Fedora 7 suppresses Red Hat separation anxiety
So communal it hurts
Fedora developers have performed a catch and release with their beloved operating system, unleashing today the final cut of Fedora 7.
The new OS loses some of its sex appeal in that the Fedora team has focused more on form than function. For example, the "Core" designation (Fedora Core 5, Fedora Core 6) has been dropped from the OS name, leaving you with regular, old Fedora 7. That shift reflects a change in the Fedora model where the so-called "community" has moved away from Red Hat Corporate.
"On the one hand, Fedora is the upstream for all the Red Hat family of products, including things like Red Hat Enterprise Linux and CentOS," said Max Spevack, the Fedora project leader and a Red Hat staffer, during a recent interview. "At the same time, Fedora is it's own Linux distribution that has its own goals and life completely independent of Red Hat or any real entity.
"From that perspective what Fedora 7 represents is the culmination of a couple years of work to really free Fedora in the sense that it can be completely independent and live on its own. The entire tool chain of Fedora is completely in the open now. So, hen you write your source code and put it in a file, you check that file to a CVS (concurrent version system). It's in an external CVS. To get commit access all you need to do is be a member of the Fedora community.
"Then, once you take all your files and you want to build an RPM, the build system is completely external as well. So you don't have to be a Red Hat employee to build an RPM."
This marks a change from a previous world that included both Fedora Core and Fedora Extras - the spot where developers built various packages. The Fedora project leaders noted that the vibrant Extras community had a better build system and better communications and decided to make the entire Fedora project "operate in that way," Spevack said.
"The consequence of this is that anyone with a little skill can run all the same tools and do all the same stuff that the Fedora release engineers do. So, if you are a college kid majoring in computer science, and you want to learn how the distro actually gets built, you can go follow the exact steps and see how your result stacks up."
Aside from opening up the development model, the Fedora developers obviously added a number of new features into the OS. You'll find a list of what did and didn't make it into the OS here.
Those unmoved by the present can already start thinking about the future with Fedora 8, which will kick into action in the next few weeks. Red Hat officials claim Fedora 8 will lay the groundwork for a desktop OS revolution. If you've yet to read about GOD, check this out.
Along with GOD, Spevack outlined a couple of Fedora 8 goals.

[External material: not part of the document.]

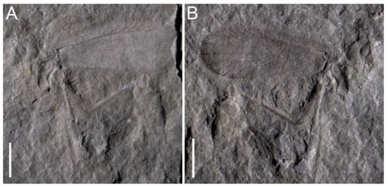 Triassopsyllidiida pectinata gen. et sp. nov., Middle Triassic Tongchuan biota, holotype NIGP180297, photographs of general habitus. (A) part; (B) counterpart. Scale bars: 1 mm.

For one, the Fedora crew hopes to refine work on a GUI tool that makes it easier for people to pick and choose the packages they want in a given flavor of the OS. "It lets you select the package set you want and also decide if you want, for example, a live ISO or a bootable CD or a bootable USB key. It basically is just a wizard that non-engineers can use. This was developed completely by volunteers and is in a really good beta from right now."
In addition, Spevack hopes to extend the bootable USB technology by adding new partitioning and encryption tools for making use of spare space on a USB drive.
"Fedora 7 is going to be good. It's going to be quite accessible especially for developers who want to work on Fedora. It's going to be very usable from an end user perspective for someone who just wants something that works and wants a live CD," Spevack said.
"But, going into Fedora 8, I think we want to clean up all these news things on Fedora 7 and make them more solid and easier to use. The online desktop stuff we want to have landed in 8 too. Other than that, I'm not sure what other big features we're shooting for."